Wednesday, October 5, 2011

A prayer answered

Three hours since my latest OB appointment and I am still shaking:) I have been a nervous wreck all day long in anticipation for today's appointment. This appointment was set up last week to see if their was any improvement in the gestational sac. At our appointment last week, my Dr. said that he was pretty sure that I was having anembryonic miscarriage (or blighted ovum). He patted my leg and said, "I need for you to think about some really hard things over the course of the next few days. I need for you to think about whether you want a D&C, to miscarry on your own, or I can give you a pill that will speed up the process." Friday was supposed to be my day to have a D&C, but at the last minute we decided that we should wait one more week to see if (by a miracle!) things progressed.

 I left devestated that day. I was only 6 weeks and a couple of days, my beta levels were super high, my progesterone level was super low, and nothing was showing up the gestational sac (besides the yolk sac)

So today Alan went with me so I could get the last ultrasound done. I went into the room, shaking like crazy, and laid on the table. The sonographer (who was super sweet) turned the moniter away from me, not that she needed to because I couldnt bare to look anway.

I looked at Alan to read his expression, and it remianed blank. Slowly, slowly the songrapher turned the moniter towards me. And there, on the screen, was the sweetest looking gummy bear that I've ever seen. Uncontrollable tears ran down my face, and no matter how hard I tried to stifle my sobs, I couldnt. Pure relief, pure joy, pure thankfulness flooded my heart.
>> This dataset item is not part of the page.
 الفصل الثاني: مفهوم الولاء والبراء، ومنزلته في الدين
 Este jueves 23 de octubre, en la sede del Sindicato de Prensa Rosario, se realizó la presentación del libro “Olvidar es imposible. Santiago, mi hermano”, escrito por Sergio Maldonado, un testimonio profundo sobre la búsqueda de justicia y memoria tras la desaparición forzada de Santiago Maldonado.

"Does the baby have a heartbeat?"
"Yep. Listen!" and the sonographer played  the sweetest sounds of 124 bpm.

My Dr., Alan and I were in complete shock at the sight of that sweet little baby. The three of us were looking towards Friday for a D&C, but it looks like God had other plans:)

The Dr. says that I'm not out of the woods just yet. I still have to take my progesterone pills and take it easy, but my otherwise my levels are looking normal.

Such a good day, such a wonderful day! So thankful. So relieved. I cant even tell you how many times that i've said those words tonight.